Skloot puts a face to the cell line. After a hard fought battle to win the family’s trust—no easy feat for a 27-year-old white gal—she forensically reconstructs Harriet’s life, from her childhood and adolescence in Clover, Virginia, to her final days. Like all lives, it was filled with joys and sorrows; being a poor black woman, there were more of the latter than the former. Skloot does a superb job of unearthing the details of not just Harriet’s life, but also those of her extended family. It is a story of race, poverty, and class, one in which the principals of the medical field inhabit a different world governed by different ideologies than that of underclass (and undereducated) black folks. One of the book’s many delights is observing the intellectual development of Deborah, Harriet’s fourth child, who wants to discover the truth about her mother. But there are some gulfs that can’t be overcome, like the ones that lie between the dispassion of the lab and the everyday racism that drove Zakaryya to cold fury, or between the empirical world of science and the faith-based world of evangelical Christianity. To some in the Lacks family, Henrietta’s cells are a literal form of immortality, imbued with her consciousness and will.

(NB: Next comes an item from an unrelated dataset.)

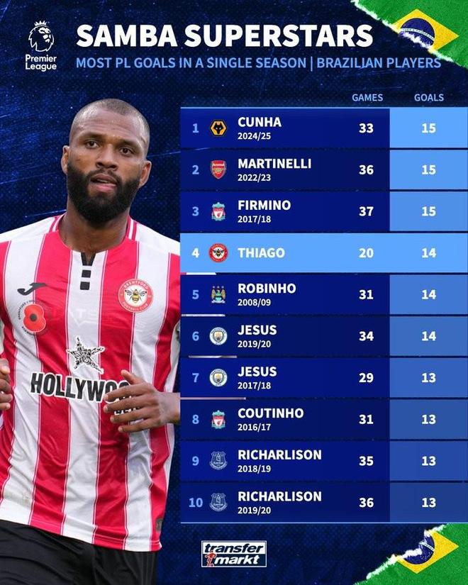 - 英超 | 20场14球,伊戈尔蒂亚戈有望创造巴西球员英超单赛季进球纪录
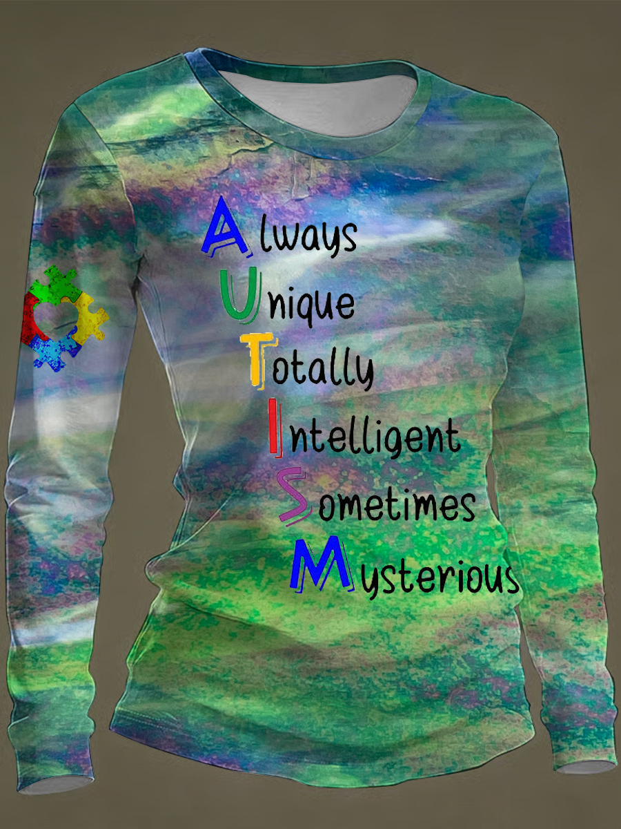 Women's Autism Awareness Round neck long sleeve T-shirt

Skloot is a participant observer of the most-noble sort, a writer who helps heal a lot of mistrust and hurt. (She’s even set up a Henrietta Lacks memorial foundation.) Although she’s clearly sympathetic to the Lacks family, she’s also an empiricist. Skloot even-handedly tells the story of Henrietta’s cells, and leaves open all questions of whether the ends justify the means in medical research. As I warn students, it is a mistake to impose the values of the present upon past actors. Informed consent laws did not come into being until 1957, and the National Institute of Health had no research review boards until 1966. Gey and his research team may have been insensitive, but they were well within the ethical operating parameters of their day. And, as Skloot also shows, morality is even muddier when it comes to bodily materials removed in the operating room. Do individuals own discarded tissues and cells? Lawsuits are pending, but to date the courts have ruled that these things are akin to garbage tossed in the local landfill and scavenged by others. That’s hardly a satisfactory answer for patients or physicians, as it leaves ambiguous the question of privacy versus research/public good. That HIPAA form you’ve signed a hundred times is one of the many ways doctors seek to protect themselves. Call it a small measure of posthumous respect for Harriet Lacks.